13.2. Worth carefully examining the assembly for this example#

Understanding this code is a great test of your knowledge

CODE: asm - tree.S

	.intel_syntax noprefix
        # TREE NODE STRUCTURE IN MEMORY
	# A NODE is composed of 3, 8 byte values
	# First 8 bytes is an 8 byte signed value
	# Second 8 bytes is a pointer to the left child (another node)
	# Third 8 bytes is a pointer to the right child (another node)
	# a 0 value pointer means there are no nodes in that direction

	#  node.VAL
	#  node.LEFT
	#  node.RIGHT
	.equ VAL, 0       # tree node value 8 bytes (offset 0)
	.equ LEFT, 8      # pointer to left child 8 bytes (offset 8)
	.equ RIGHT, 16    # pointer to right child 8 bytes (offset 16)

	.section .text
	.global _start
_start:
	mov rax, QWORD PTR [ROOT]  # pointer to root node is in a memory location ROOT
loop:
	mov rbx, QWORD PTR [rax + LEFT]  # rbx = left child location
	mov rdx, QWORD PTR [rax + RIGHT] # rdx = right child location
	cmp QWORD PTR [rax + VAL], 0     # compare node's value to zero
	cmovl  rax, rbx                  # if val < 0 then rax = rbx -- left child
	cmovge rax, rdx                  # if val >= 0 then rax = rdx -- right child
	cmp rax, 0                       # if location of next node is 0 we are done
	jne loop                         # otherwise keep walking the tree

	int3

	.section .data
ROOT:
	.quad N0               # ROOT global variable stores address of
	# N0 node &N0 (eg points to N0)

	# A BUNCH OF NODES CONNECTED TO FORM A TREE LIKE STRUCTURE
N0:
	.quad 8                # N0.VAL   = 8
	.quad N1               # N0.LEFT  = &N1
	.quad N2               # N0.RIGHT = &N2

N1:
	.quad 0                # N1.VAL   = 0
	.quad N3               # N1.LEFT  = &N3
	.quad N4               # N1.RIGHT = &N4

N2:
	.quad -5               # N2.VAL   = -5
	.quad N5               # N2.LEFT  = &N5
	.quad N6               # N2.RIGHT = &N6

N3:
	.quad 6                # N3.VAL   = 6
	.quad 0                # N3.LEFT  = 0
	.quad 0                # N3.RIGHT = 0

N4:
	.quad 90               # N4.VAL   = 90
	.quad N7               # N4.LEFT  = &N7
	.quad 0                # N4.RIGHT = 0

N5:
	.quad -3               # N5.VAL   = -3
	.quad N7               # N5.LEFT  = &N7
	.quad 0                # N5.RIGHT = 0

N6:
	.quad 567              # N6.VAL   = 567
	.quad 0                # N6.LEFT  = 0
	.quad 0                # N6.RIGHT = 0

N7:
	.quad -8               # N7.VAL   = -8
	.quad 0                # N7.LEFT  = 0
	.quad 0                # N7.RIGHT = 0
	

13.2.2. Exploring the tree with gdb#

set pagination off
set disassembly-flavor intel
x/1gx &ROOT
x/16xb 0x402008
x/8xh 0x402008
x/4xw 0x402008
x/2xg 0x402008

x/9i _start

b _start
run
display /x $rax
display /1dg $rax + 0
display /2gx $rax + 8

b loop
c
c
c
c
c




13.3. A more complex example#

This example should help to get your creative juices flowing and get a deeper appreciation for how we use the computer to write the kind of code you are used to.

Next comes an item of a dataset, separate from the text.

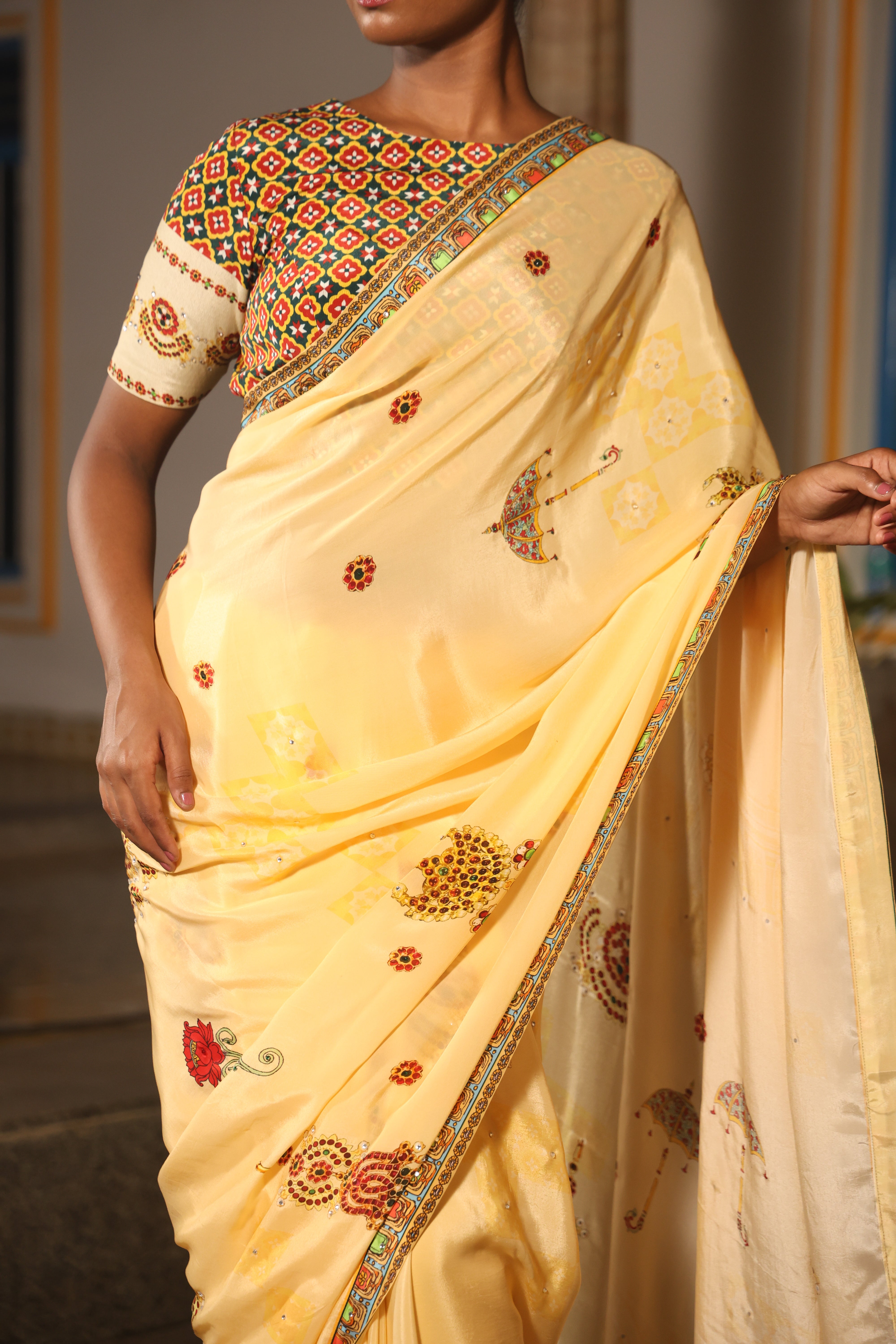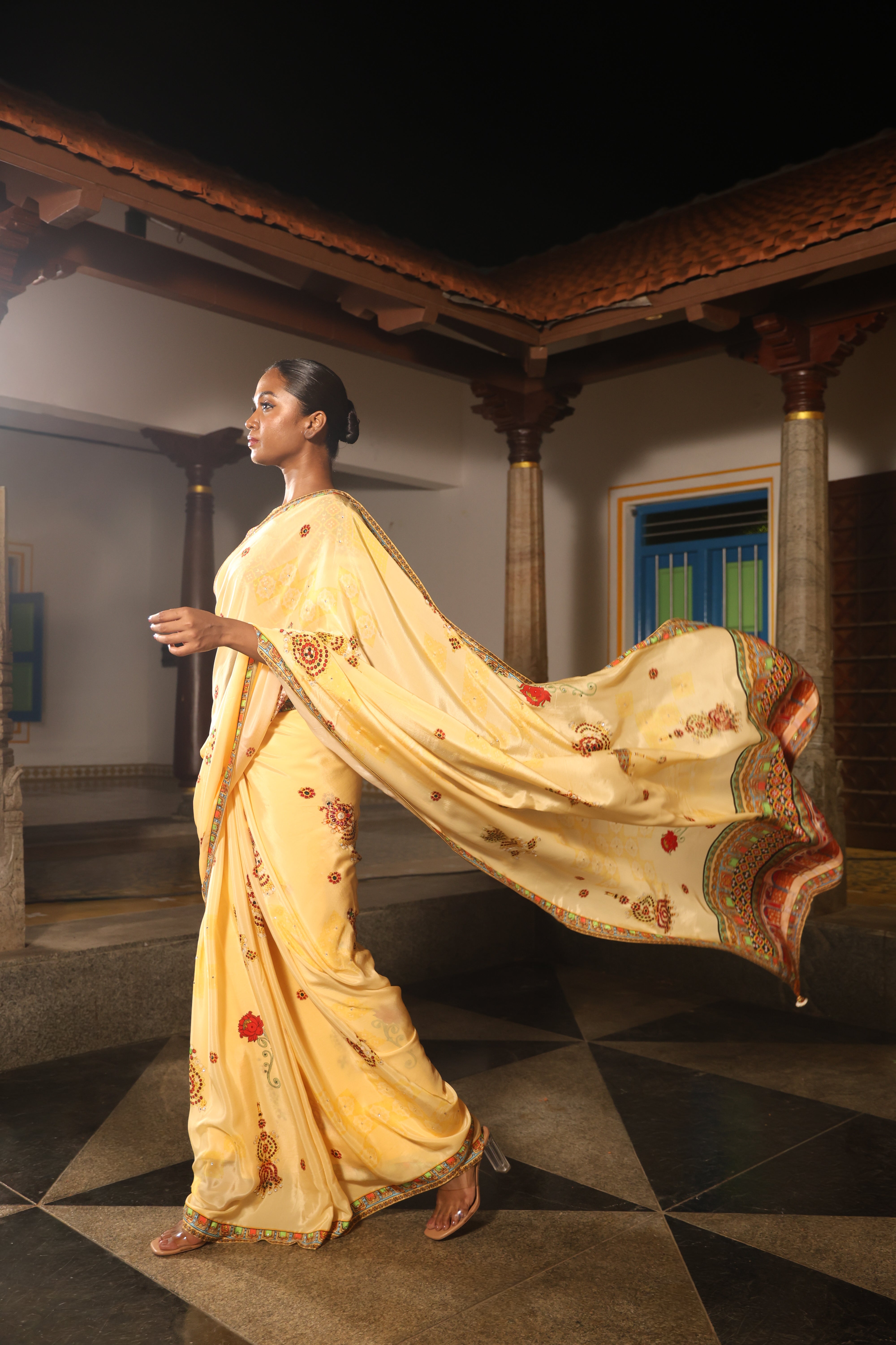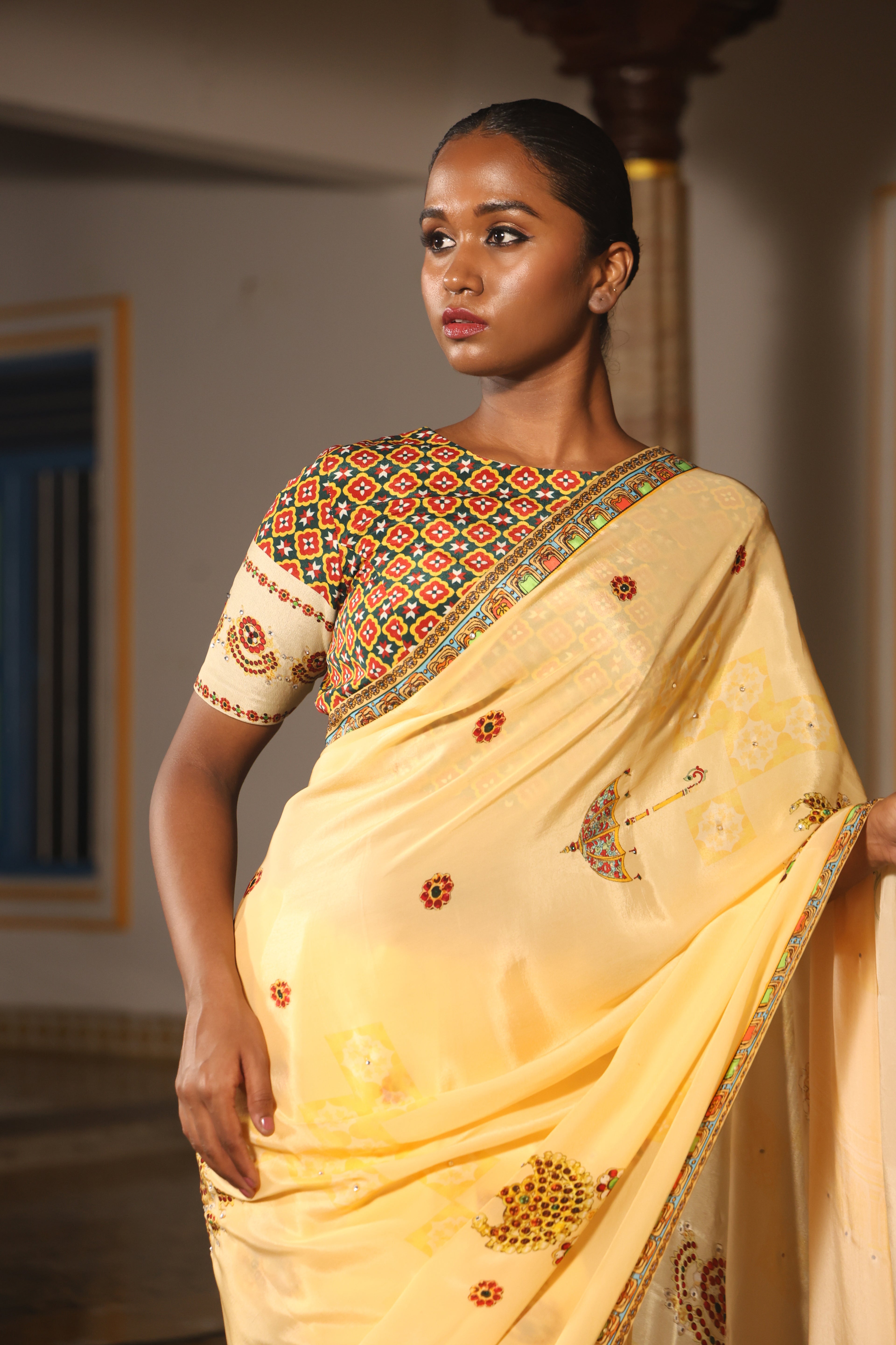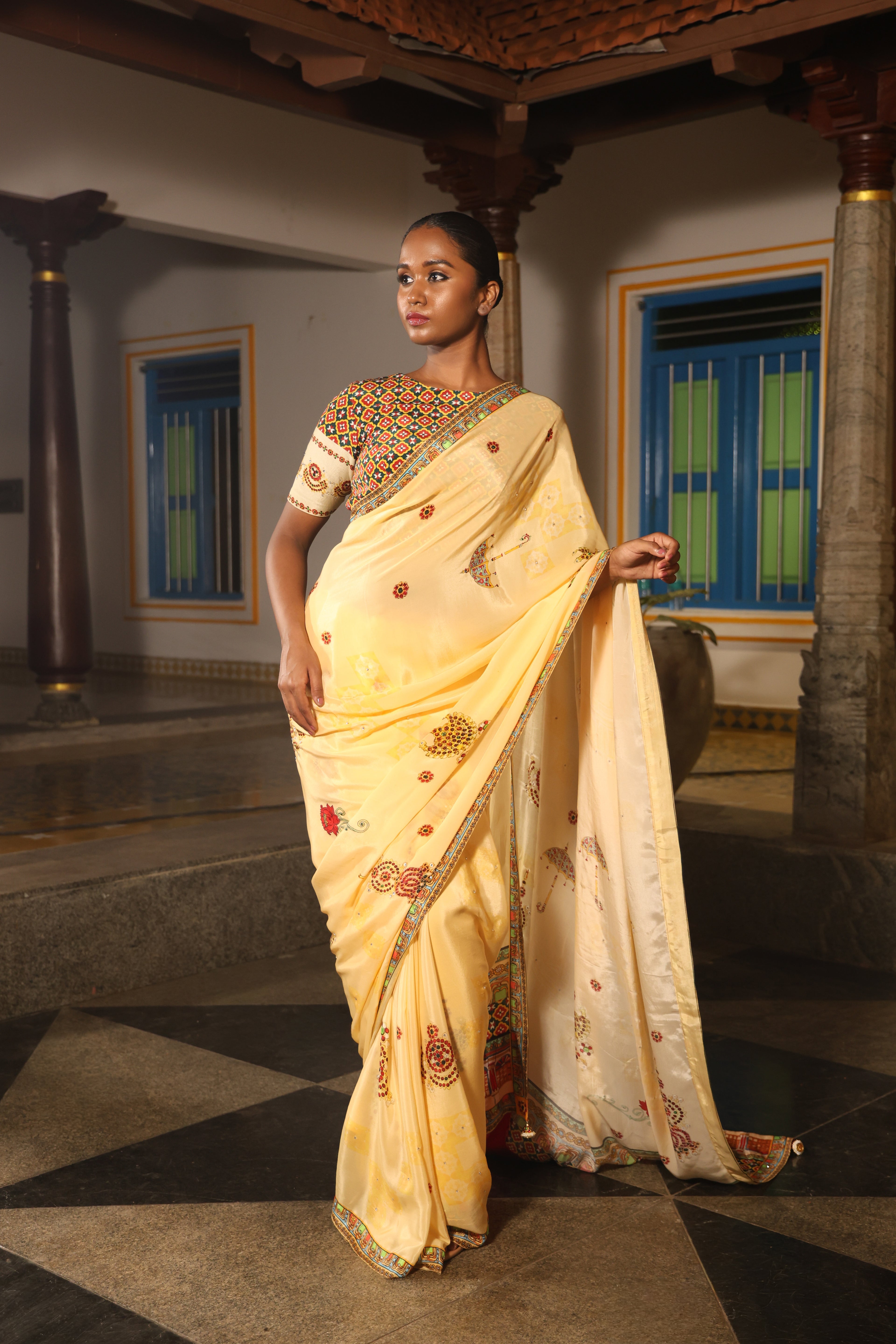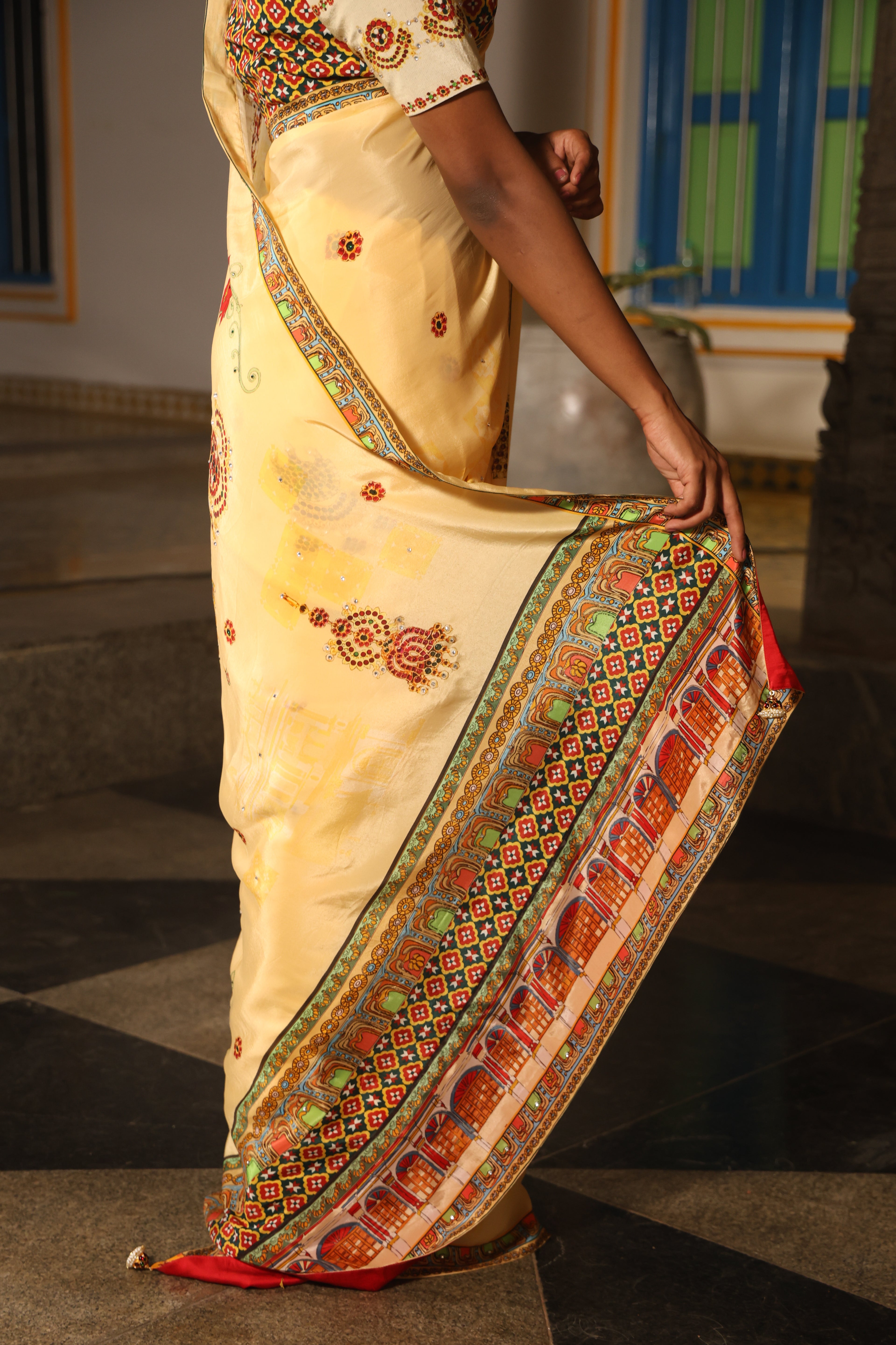5.5 Meters with chettinad architechture print and jewellery print embellished with stone embroidery.

Note I have not tested this much. I encourage you to try the exercises and test the code out.

13.3.1. The Story: An Array of Players#

  1. Lets assume in our program we have an array of “Players”

  2. Our program will have routines that work on the array and on individual players

  3. In our example we will layout a static version of the array with a few players

Remember to draw things out to ensure you are understanding things

13.3.1.1. A Player#

  • Lets use a chuck of memory to represent a player

  • Each player has:

    1. ID: A binary value that can fit in 8 bytes to uniquely identify a player

    2. Name: A “string” : An array of ascii characters with 0 to mark the end of the string

      • maximum length of the string array is 80

    3. Score: A four byte signed integer value

    4. Age: A single byte unsigned integer value

13.3.1.2. The Array of Players#

  • Lets assume there is one global Array for the players

    • One symbol PLAYER_ARRAY should mark the beginning of the player Array

    • One symbol PLAYER_ARRAY_END should mark the end of the player Array

13.3.2. Our “main” program#

  • The following is our main program that has the “entry point”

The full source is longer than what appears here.